Let a and b be the integers with gcd(a,b) = 1 such that
a/b = √6
Square both sides and multiply by b^2:
a^2 = 6b^2
Now, the right side is divisible by 2, so a^2 is divisible by 2, which then implies that a is divisible by 2 (since 2 is prime). Therefore we can write a=2k for some integer k:
4k^2 = (2k)^2 = 6b^2
Divide by 2:
2k^2 = 3b^2
Now the left side is divisible by 2, so 3b^2 is divisible by 2, from which it follows that b is divisible by 2.

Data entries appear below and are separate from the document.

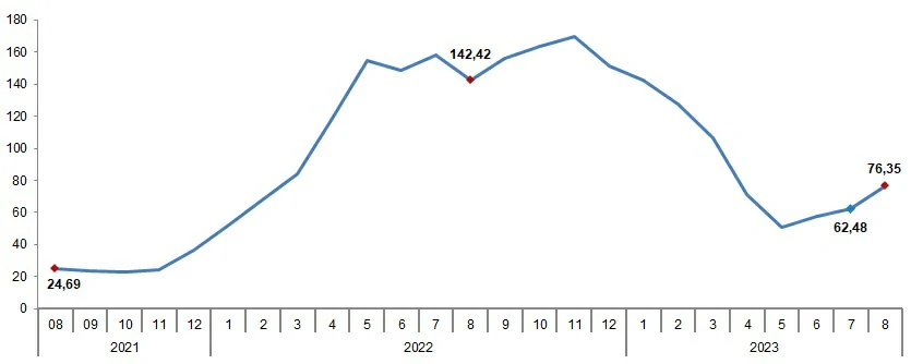 Tarım-ÜFE yıllık değişim oranı (%), Ağustos 2023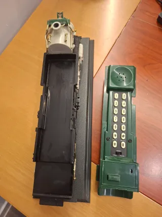 fabricada en los años 90 por Telemania, ideal para coleccionistas, decoración retro, despachos, bibliotecas o amantes del mundo ferroviario. Incluye teclado numérico, selector de marcación Tone/Pulse, interruptor de timbre y conexión RJ11 para línea telefónica tradicional. El timbre funciona con 2 pilas AA. 📌 Estado: muy bueno, sin roturas ni piezas faltantes. Presenta leves marcas normales del paso del tiempo. 📐 Diseño muy detallado, con acabados cuidados y base expositora incluida. ❗ Hoy en día se usa principalmente como objeto decorativo o de colección. Se vende tal cual se ve en las fotos.
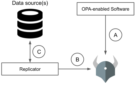Depending on the replication scheme, B and C could be tied together so that every update the data replicator gets from the source of truth it pushes into OPA, but in general those could be decoupled depending on the desired network load, the changes in the data, and so on.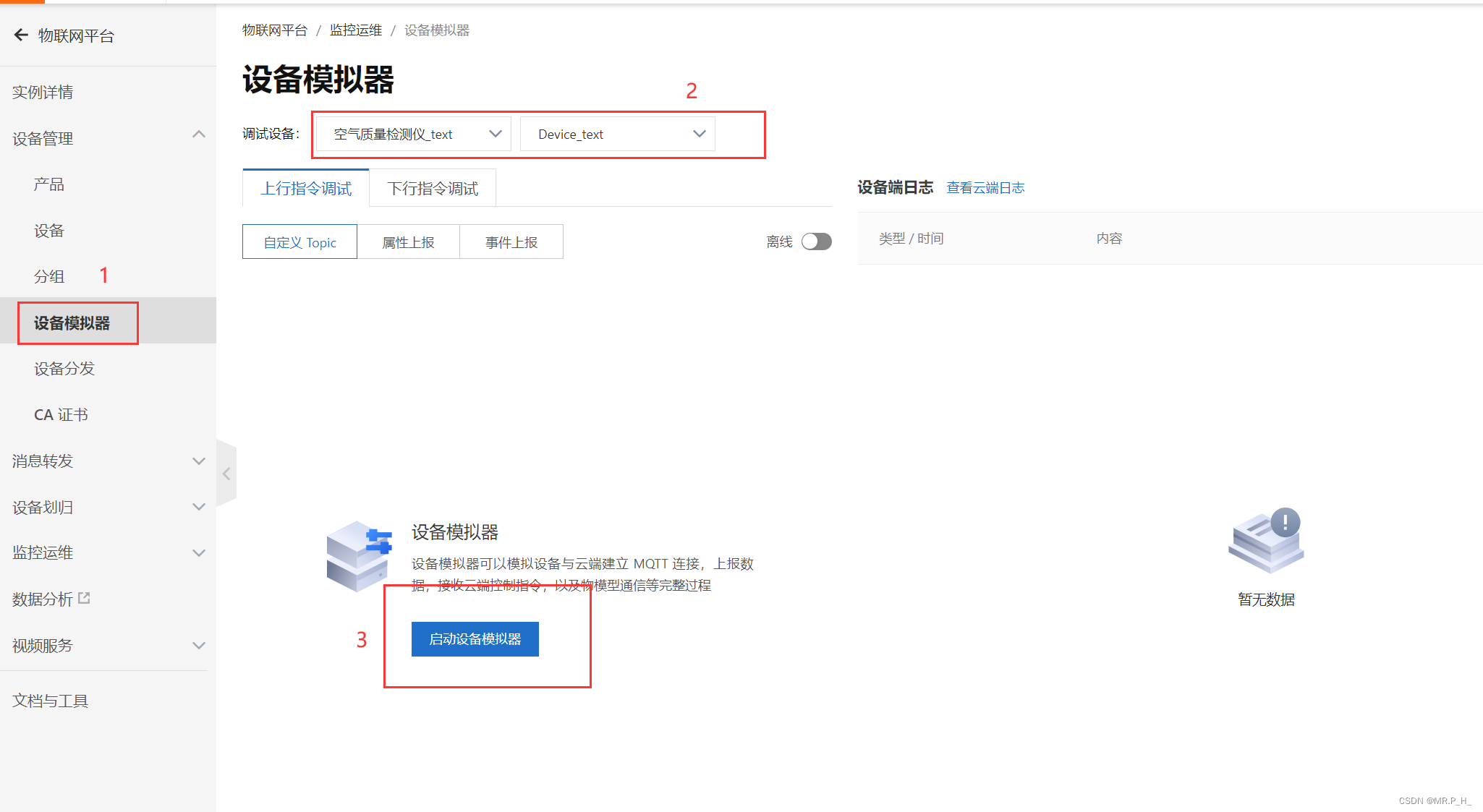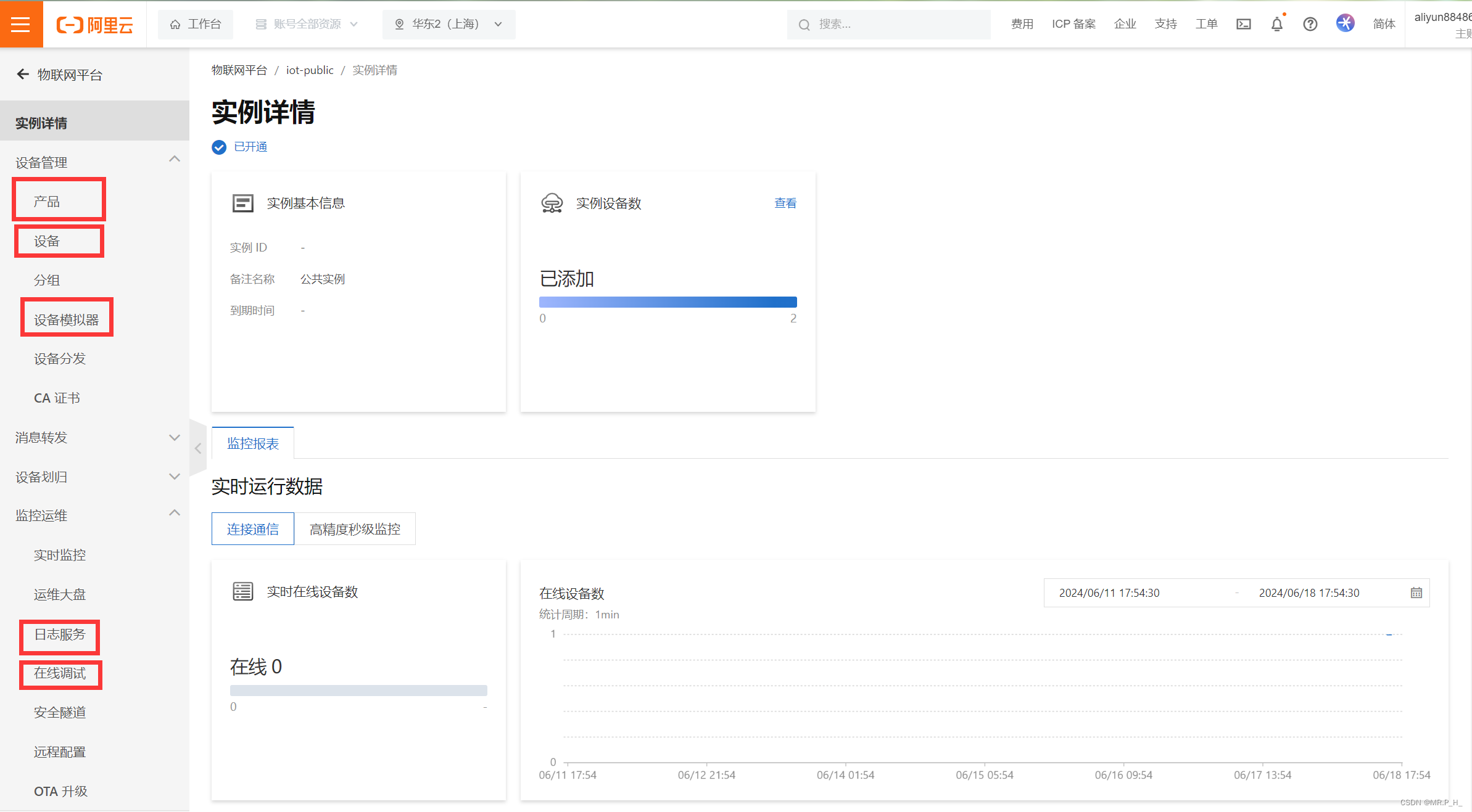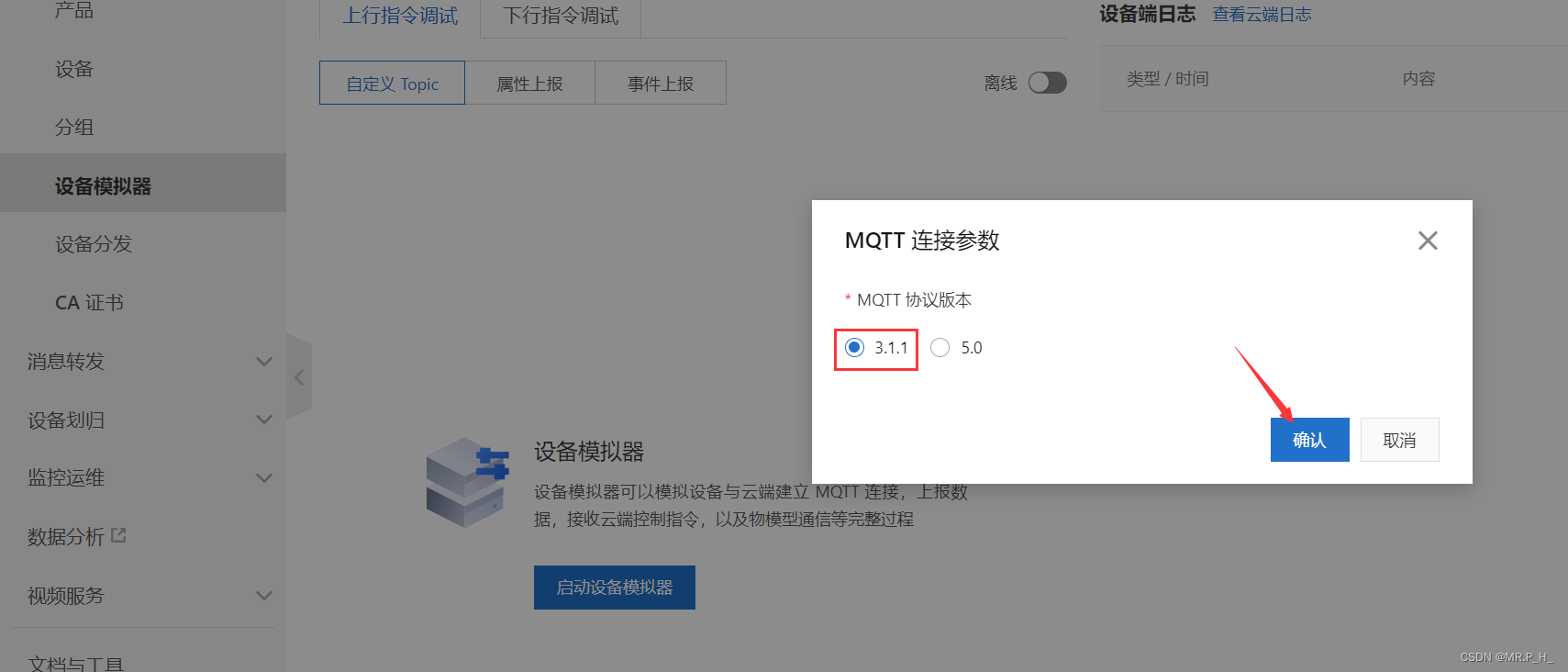 一个产品可以有多个设备,设备模拟器是是模拟单片机(客户端)设备上线,使用的时候要保证单片机设备离线再使用,并且平台显示设备离线。日志服务是显示单片机设备和阿里云通信的数据交互而在线调试是为了下发LED开灯关灯︰阿里云下发指令给单片机。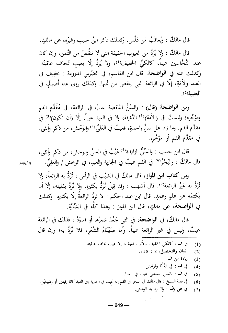 ومن الواضحة قال: والسن الناقصة عيب في الرائعة، في مقدم الفم ومؤخره، وليست في الأمة الدنيئة، ولا في العبد عيبًا، إلا أن تكون في مقدم الفم. وما زاد على سن واحدة، فعيب في العلي والوخش، من ذكر وأنثى. في مقدم الفم أو مؤخره.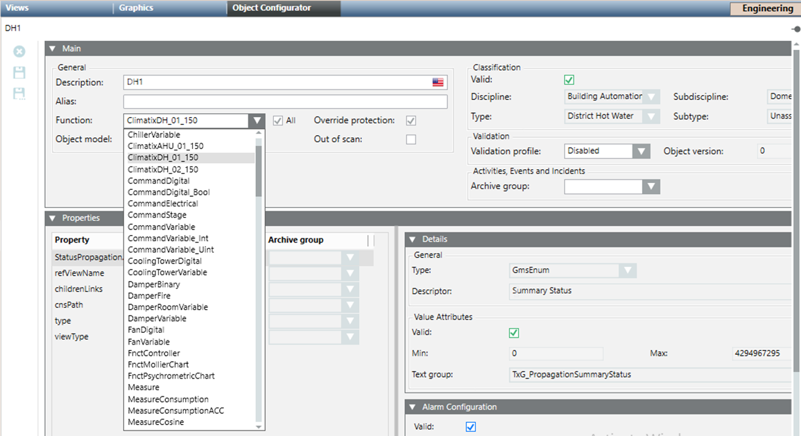 Sie können das Climatix DH-Gerät in Desigo CC konfigurieren, indem Sie ein Projekt verwenden, das nicht über die Projektvorlage Climatix_Template_DH_EN verfügt. Dazu müssen Sie Climatix DH in der Konfiguration von Desigo CC verfügbar machen und die richtige Funktion zuordnen, um die erwartete Grafikvorlage anzuzeigen.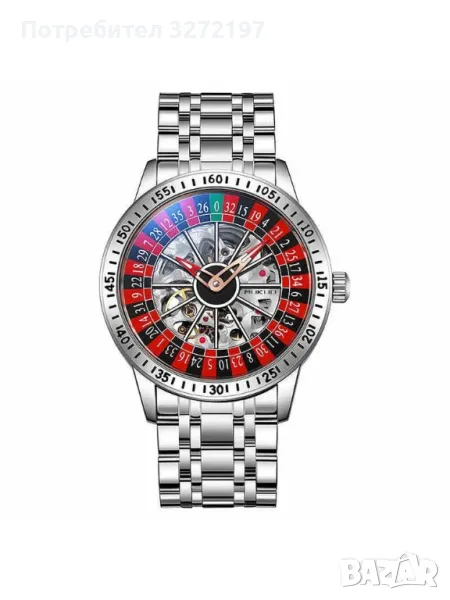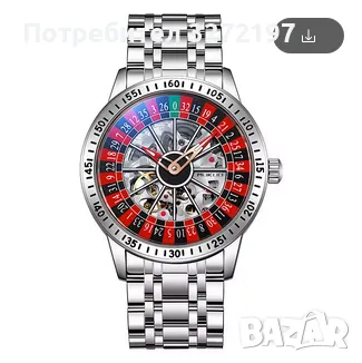 Този автоматичен механичен часовник се отличава със завладяващ дизайн на рулетно колело с червени и черни сектори, зелени числа и механични вдлъбнатини в центъра на циферблата. Дигиталната рулетка ще се върти с леко завъртане на китката и ще спре да се върти, когато китката е неподвижна. Няма бутон за управление.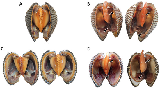 Symptoms of natural diseased ark clams. (A) Healthy ark clams. (B) Natural diseased ark clams. (C) Ark clams in the control group without SbA1-1 challenge at low (15 °C, left) and high (25 °C, right) temperatures. (D) Ark clams challenged with SbA1-1 strain (1 × 105 CFU/mL) under 15 °C (left) and 25 °C (right). The black arrow marks the site of the lesion.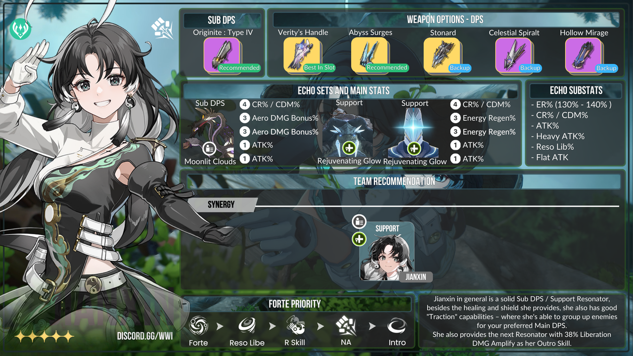 Salah satu pilihan Gauntlet terbaik di game ini dengan satu-satunya pesaing adalah senjata ⭐4 dengan beberapa dupe. Memberikan base ATK yang tinggi, ATK%, jumlah EnergY Regen yang baik untuk menyimpan setidaknya 1 sub-stat pada echo yang dapat dipindahkan ke penggunaan yang lebih baik, dan bonus bersyarat yang meningkatkan damage Resonance Skill dan Basic Attack yang sangat mudah dipenuhi.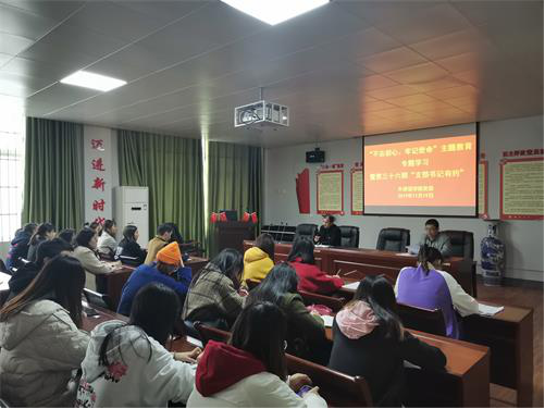 11月19日下午,在香远楼315党员活动室,党委副书记彭晓来到联系的学生第一、第二党支部指导开展“不忘初心、牢记使命”主题教育,开展了主题专题学习暨第三十六期“支部书记有约”活动。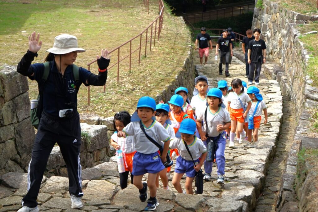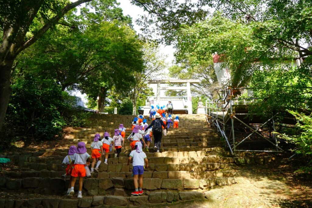 最近は毎日運動会の練習をがんばっているので、今日は息抜きで園バスで金山まで出かけました。金山城跡を通り新田神社まで歩いて、お参りしてきました。途中山登りにも挑戦しました。帰りは呑龍様の公園の大型遊具でたっぷりと遊びました。みんなずっと元気いっぱいでした。

However, this would mean that 2 divides gcd(a,b) = 1. Contradiction.
m/n = √2 + √3
Square both sides:
m^2 / n^2 = 5 + 2√6
"Solve" for √6:
√6 = (m^2 - 5n^2) / (2n^2)
so if √2 + √3 is rational, then so is √6.
Let a and b be the integers with gcd(a,b) = 1 such that
a/b = √6
Square both sides and multiply by b^2:
a^2 = 6b^2
Now, the right side is divisible by 2, so a^2 is divisible by 2, which then implies that a is divisible by 2 (since 2 is prime). Therefore we can write a=2k for some integer k:
4k^2 = (2k)^2 = 6b^2
Divide by 2:
2k^2 = 3b^2
Now the left side is divisible by 2, so 3b^2 is divisible by 2, from which it follows that b is divisible by 2.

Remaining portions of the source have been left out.